# RHC/Wyndham Nassau Resort & Crystal Palace Casino-Recent Review?



## Pat H (Jan 29, 2006)

Last review is 3 years old. Looking for a place for my son's honeymoon in August and this is available. Take it or wait?


----------



## bigfrank (Jan 29, 2006)

I had my honey moon there 23 years ago when it was called the Concord. We wnt to visit it in Oct and the Wyndam is still nice but the beach was not as nice as some other places. If you can get a Grand Mayan or an Atlantis Harborside I would send them there. If not take it.

Opps wrong resort I thought it was the Wyndam in Aruba.


----------



## Pat H (Jan 29, 2006)

Thanks, Frank. They don't want to go to Mexico and I would never send them to the Atlantis/Harbourside. I'll find something else.


----------



## pcgirl54 (Jan 30, 2006)

Pat
The Cable Beach area of Nassau is under major renovation last I heard and the beach is not clean and nice like Paradise Island at all. Very outdated.

I have been to Atlantis Harborside last year and it is beautiful,clean and friendly. There are some units in Sightings for II right now. It would be an incredible vacation for them, very popular for honeymooners. There were several weddings onsite when we were there.

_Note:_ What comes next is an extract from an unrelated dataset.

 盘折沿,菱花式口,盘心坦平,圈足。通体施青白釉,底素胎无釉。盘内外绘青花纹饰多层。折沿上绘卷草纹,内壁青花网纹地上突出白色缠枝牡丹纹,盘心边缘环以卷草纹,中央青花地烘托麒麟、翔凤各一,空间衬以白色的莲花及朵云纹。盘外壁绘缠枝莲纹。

 Do you want island destinations only? August is hurricane season if that is a concern to you that their trip may be cancelled. Hope this year is different than the last two.


----------



## Pat H (Jan 30, 2006)

I know it's hurricane season. I told them that. I own in Mexico so it would be easy to get them a timeshare there. All my resorts are RCI so Harbourside is not an option. Even if it were they would be miserable. The prices for everything are astronomical. They would have to leave the resort for every meal in order to afford it.


----------



## arlene22 (Jan 30, 2006)

Hi, Pat,

I haven't stayed at the Crystal Palace, but I have stayed twice at the Radisson Cable Beach, which is right next door. I actually like the beach there. There is a reef right there that you can literally walk up to, pick some seaweed, hold it in your hand and tons of fish come to eat out of your hand. OK, I don't scuba dive, so maybe I'm easily impressed, but thought it was cool and my kids loved it. 

I'm not sure about the status of the construction. I didn't see any going on this time last year, but I know there is lots planned for that area, and it may have started. You could call the hotel and ask. 

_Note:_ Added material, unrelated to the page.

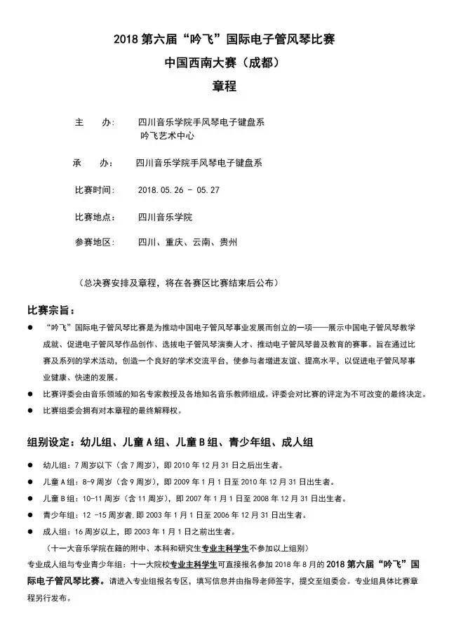 2018第六屆“吟飛”國際電子管風琴比賽中國西南大賽(成都)報名通道將于4月16日—5月14日開啟,請各位要報名的選手不要錯過啦~

I'm sure you realize that the Crystal Palace is not a timeshare; it is a hotel. So the Trip Advisor reviews may be helpful to you. 

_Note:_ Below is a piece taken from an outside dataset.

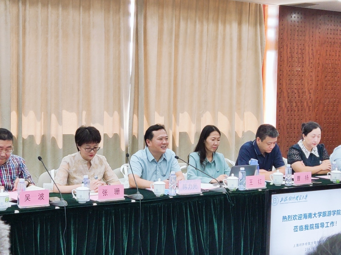 2021年7月6日上午,在公司党委书记韩力光的带领下,公司教师12人前往上海对外经贸大学会展与旅游公司对联合国世界旅游组织专业认证工作进行学习与交流。上海对外经贸大学会展与旅游公司经理王春雷、党委书记谈华以及公司各系部、各部门负责人热情的接待了公司一行。

Again, since I have not stayed there, I cannot comment on the rooms, but as far as the location is concerned, I think it would be a lovely place to go on a honeymoon. I think the main drawbacks would be that at that time of year, it is rainy (hurricane) season.


----------



## arlene22 (Jan 30, 2006)

Oh, and here's a tip: if they want to check out the Dig at Atlantis, they can go in the evening and walk through for free (normally, I think they charge $25 to those who are not guests there). They will not get the guided tour (which is mostly bs, anyway) but IMHO, the actual exhibit is lovlier at night, anyway.


----------



## Nsivertsen (Jan 30, 2006)

We own a one bedroom there and last stayed there in 2004.    We thoroughly enjoyed our stay both times.    Even got "snowed in" and had to get three extra days there with no problem.    Beach there is awful but you just walk one minute next door to the Nassau Beach Hotel and/or the Radisson on the other side, beautiful beaches.    It has some good restaurants and a casino right in the place.     It's not a bad place and we own there through RHC.   We also belong to II and RCI.
                                              Rich S


----------



## Blondie (Jan 30, 2006)

Pat did you try www.tripadvisor.com for more recent reviews?


----------



## rynker (Jan 30, 2006)

*ok with us*

We stayed there 3 years ago on a last minute getaway after a death.  I've read reviews and we can't understand the bad reviews.  We had a great time.  We always felt safe, restaurants nearby, walking on pathways up and down the roadway, beach was "ok".  We ate calamari salad from a guy who made it directly from his small boat at our pier.  It was the best!  We would stay again.......We liked it not being so crowded and commercialized but they had some big spenders at the casino so it couldn't be all that bad.  It could have all changed since we were there, but we enjoyed everything about it.


----------



## grest (Jan 30, 2006)

I got a postcard today from some friends of mine who happen to be there this week in a 4/4 hotel unit.  They are very pleased from the sound of it...but then again, they are escaping a Maine winter!
Connie


----------



## spatenfloot (Jan 31, 2006)

arlene22 said:
			
		

> I'm sure you realize that the Crystal Palace is not a timeshare; it is a hotel.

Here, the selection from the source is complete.